Infatti il Black Flag a me era piaciuto, storia non entusiasmante manco li ma almeno leggeramente meglio di Unity e come dici te c'erano tante altre cose davvero belle e carine che l'hanno reso comunque un ottimo gioco. Unity invece, a parte l'ottima ricostruzione di Parigi, è un gioco assolutamente mediocre.


----------



## Fabry_cekko (11 Maggio 2015)

Jino ha scritto:


> Infatti il Black Flag a me era piaciuto, storia non entusiasmante manco li ma almeno leggeramente meglio di Unity e come dici te c'erano tante altre cose davvero belle e carine che l'hanno reso comunque un ottimo gioco. Unity invece, a parte l'ottima ricostruzione di Parigi, è un gioco assolutamente mediocre.
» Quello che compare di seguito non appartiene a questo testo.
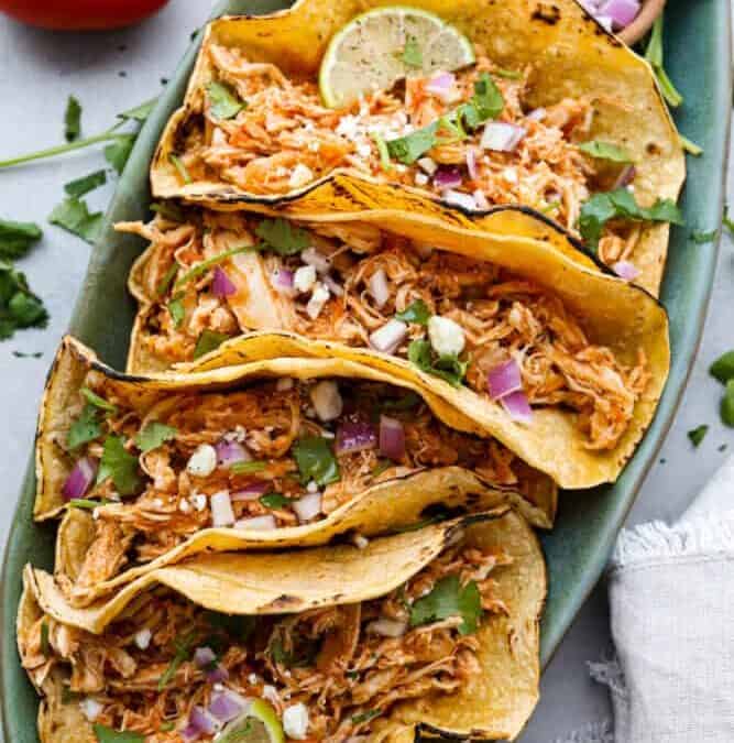 Mexican food is just divine. The meats are always so tender and flavorful, thanks to all of the delicious spices and seasonings they’re slow-cooked in! After you try chicken tinga, you’ll have to make some shredded sweet pulled pork or chorizo for your next taco night!
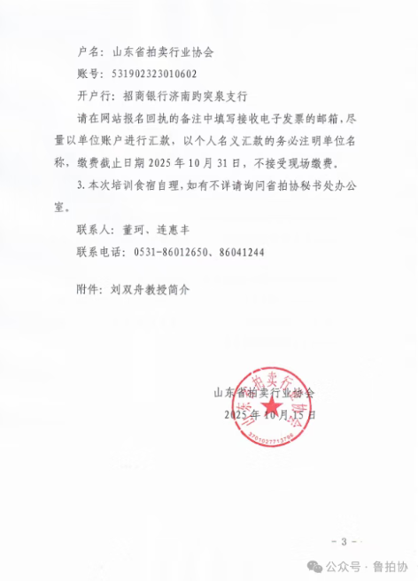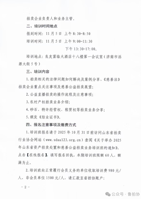 关于举办2025年山东省资产拍卖处置和慈善公益拍卖业务培训班的通知

Azz non me l'aspettavo. Di Rogue invece che si dice?


----------



## Jino (11 Maggio 2015)

Fabry_cekko ha scritto:


> Azz non me l'aspettavo. Di Rogue invece che si dice?



Non l'ho giocato, ma da quello che ho letto in giro se non altro aveva stupito rispetto ad Unity, anche se probabilmente è proprio perchè non aveva aspettative a differenza del gioco per ps4


----------



## Toby rosso nero (11 Maggio 2015)

Domani sarà presentato ufficialmente.


----------



## Fabry_cekko (12 Maggio 2015)

Jino ha scritto:


> Non l'ho giocato, ma da quello che ho letto in giro se non altro aveva stupito rispetto ad Unity, anche se probabilmente è proprio perchè non aveva aspettative a differenza del gioco per ps4



Già. È quello che ho letto anch'io.


----------



## Toby rosso nero (12 Maggio 2015)




----------



## Hellscream (12 Maggio 2015)

Trailer d'annuncio


----------



## Jino (13 Maggio 2015)

Bel trailer, ma ci mancherebbe non fosse bello quello.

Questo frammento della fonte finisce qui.